La pandemia è spesso paragonata ad una guerra e dai grandi traumi collettivi, come le guerre, sono nati i nuovi ordini costituzionali.
Il terremoto sociale che producono rompe le antiche certezze, nascono nuovi leader, nuovi attori collettivi e nuove idee. Si definiscono così le linee di una costituzione materiale che poi vengono riannodate in un tessuto più organico e successivamente consacrate sul piano giuridico-formale. Nei periodi di accelerata trasformazione e di sconvolgimento dell’ordine esistente dobbiamo prestare attenzione a questo magma che può forgiare una nuova costituzione materiale. Questo è avvenuto nel secondo dopoguerra, da cui ha preso origine un fortunato ciclo costituzionale che è stato capace, per usare la formula di Ralf Dahrendorf, di “quadrare il cerchio” e cioè di tenere insieme armonicamente democrazia, mercato e libertà. Forse oggi all’orizzonte c’è qualcosa di simile anche se al momento non possiamo prevedere quali saranno gli sbocchi e quindi i caratteri distintivi di un possibile nuovo ordine costituzionale.
E’ inevitabile che la Corte di giustizia risentirà, nel bene e nel male, di tale processo di trasformazione e sulla Corte probabilmente graverà il compito di razionalizzare, sul terreno giuridico, le trasformazioni che verranno, naturalmente operando nei limiti consentiti dalle disposizioni dei Trattati. Del resto, fin dalle storiche sentenze Van Gend en Loos e Costa c. Enel, che hanno definito i tratti fondamentali dell’ordinamento giuridico europeo e i suoi rapporti con gli ordinamenti statali, poi, per quanto concerne il mercato comune con l’altrettanto fondamentale sentenza Cassis de Dijon, e successivamente promuovendo l’affermazione di un’”Europa dei diritti”, la Corte di giustizia ha contribuito a forgiare l’ordine costituzionale europeo.
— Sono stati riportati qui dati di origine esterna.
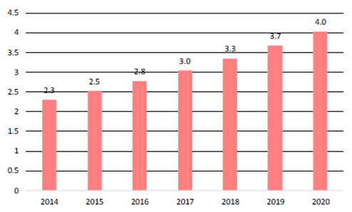全球紅外市場穩中有升,軍用占比較高。2015年全球紅外市場規模達120億美元左右,其中軍用市場規模約為80億美元,未來年均增速4%左右;民用市場規模約38億美元,預計2019年將達到52.19億美元,年復合增長率為9.27%。

Ma anche in momenti più recenti la Corte ha affrontato le sfide dei tempi, per esempio con le decisioni che hanno consolidato quello che secondo me è stato un vero e proprio mutamento della costituzione economica europea a seguito della crisi finanziaria del 2011. Ricordo le decisioni che hanno riconosciuto la compatibilità con i trattati del ruolo assunto dalla BCE, a partire dal famoso whatever it takes di Mario Draghi, adottate nei casi Gauweiler e Weiss, ma anche la sentenza nel caso Pringle, che ha concluso per la compatibilità del MES con i Trattati, e l’altrettanto importante decisione nel caso Ledra che ha creato la spazio per la tutela dei diritti fondamentali nei confronti delle misure di austerità. Un’eguale forza costituzionale hanno le ancora più recenti sentenze (del 24 giugno 2019 e del 19 novembre 2019) riguardanti alcune leggi della Repubblica di Polonia sull’ordinamento giudiziario, in cui la Corte ha riconosciuto lo Stato di diritto come pilastro dell’integrazione e ha visto nell’indipendenza del potere giudiziario un principio che gli Stati sono tenuti a rispettare.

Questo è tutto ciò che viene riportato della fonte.